You make a frangipane, an almondy cream, spread it over syrup-soaked bread, sprinkle on some sugar and flaked almonds then bake it so it caramelises. (It’s pretty much the same idea as almond croissants where you take a day old croissant, cut it in half, fill with frangipane and bake it). So it’s already sounding good, right?
I changed it up a bit though using desiccated coconut instead of ground almonds in the cream and also sprinkled on some flaked coconut near the end of the baking (cos coconut burns VERY easily.).

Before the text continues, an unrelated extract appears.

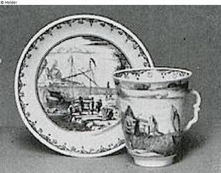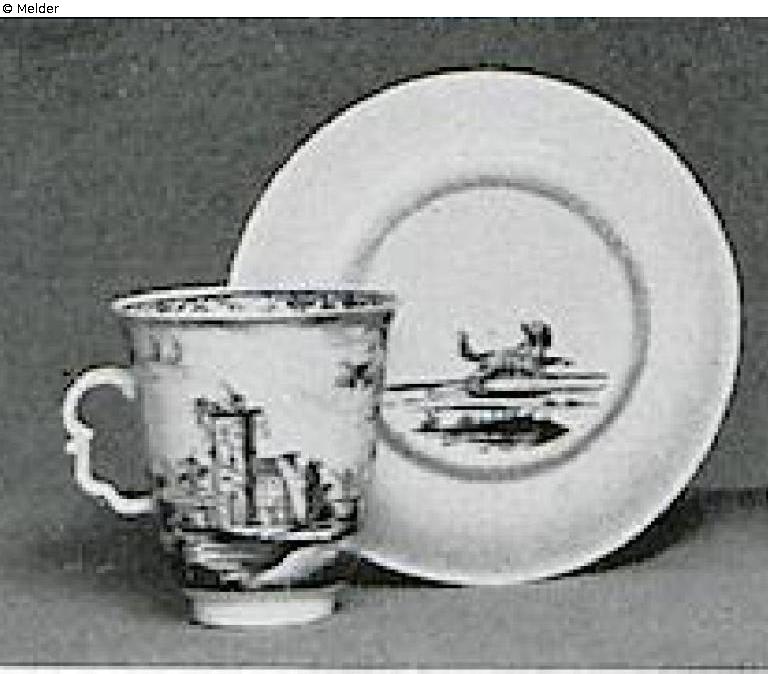 The tall cups have handles with relief-moulded thumb rests. Painted with river landscapes and trims in black enamel colour. At bottom of saucers dogs. Without mark. Vienna, by Du Paquier (1718–1744). Literature: Auktionskatalog Hans W. Lange, Wertvolles Kunstgewerbe, Berlin, 19.-21. Mai 1941, S. 126. Nr. 622, Taf. 75 (DOI: external link)

I also used what my mum calls ‘hippy bread’ cos it’s got lots of seeds and wholegrains in there, to make it a bit more filling/breakfasty.
A shake of powdered sugar and some fresh fruit finish the job. It’s truly magical.
- 1 tsp ground flax seed
- 2 tbsp almond milk
- 1 tbsp almond or coconut butter
- 1/4 tsp almond extract , (optional)
- 1 1/2 tbsp raw sugar , (plus more for sprinkling)
- 1 tsp oat/ buckwheat/ plain flour
- pinch of salt
- 2 tbsp desiccated or shredded coconut
- 2 slices of wholegrain bread
- 1 tbsp flaked almonds
- 1 tbsp flaked coconut
- Preheat the oven to 350 F.
- In a small bowl combine the ground flax and almond milk. Cream in the nut butter, almond extract and sugar. Add the flour, salt and coconut then stir until smooth.
- Divide the mixture between the slices of bread and spread out evenly. Sprinkle over the flaked almonds and a little more raw sugar.
- Bake for 6 minutes then sprinkle on the flaked coconut and broil for 1-2 minutes until golden. Serve warm with powdered sugar and fresh fruit.